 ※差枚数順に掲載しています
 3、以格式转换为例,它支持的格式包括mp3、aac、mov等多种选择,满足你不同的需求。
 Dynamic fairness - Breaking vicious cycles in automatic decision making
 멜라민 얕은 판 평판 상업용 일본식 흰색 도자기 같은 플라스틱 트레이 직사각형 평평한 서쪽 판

---

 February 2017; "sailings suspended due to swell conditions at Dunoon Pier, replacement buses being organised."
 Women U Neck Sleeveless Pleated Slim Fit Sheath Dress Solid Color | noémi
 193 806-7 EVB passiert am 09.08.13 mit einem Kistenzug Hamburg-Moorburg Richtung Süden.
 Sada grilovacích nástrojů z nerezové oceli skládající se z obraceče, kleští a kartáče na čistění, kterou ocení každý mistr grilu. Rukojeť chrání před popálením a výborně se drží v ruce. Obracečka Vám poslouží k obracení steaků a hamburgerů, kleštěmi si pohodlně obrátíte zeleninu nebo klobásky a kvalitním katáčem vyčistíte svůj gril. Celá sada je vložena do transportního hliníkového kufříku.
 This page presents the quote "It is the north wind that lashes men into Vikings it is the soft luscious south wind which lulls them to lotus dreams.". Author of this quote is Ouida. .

> _EXERCISE GOAL_
Nothing but the lines above from the one containing "Women U Neck" through the one containing "This page presents" should appear in the answer, each repeated exactly.

> _ANSWER TO THIS EXERCISE_
 Women U Neck Sleeveless Pleated Slim Fit Sheath Dress Solid Color | noémi
 193 806-7 EVB passiert am 09.08.13 mit einem Kistenzug Hamburg-Moorburg Richtung Süden.
 Sada grilovacích nástrojů z nerezové oceli skládající se z obraceče, kleští a kartáče na čistění, kterou ocení každý mistr grilu. Rukojeť chrání před popálením a výborně se drží v ruce. Obracečka Vám poslouží k obracení steaků a hamburgerů, kleštěmi si pohodlně obrátíte zeleninu nebo klobásky a kvalitním katáčem vyčistíte svůj gril. Celá sada je vložena do transportního hliníkového kufříku.
 This page presents the quote "It is the north wind that lashes men into Vikings it is the soft luscious south wind which lulls them to lotus dreams.". Author of this quote is Ouida. .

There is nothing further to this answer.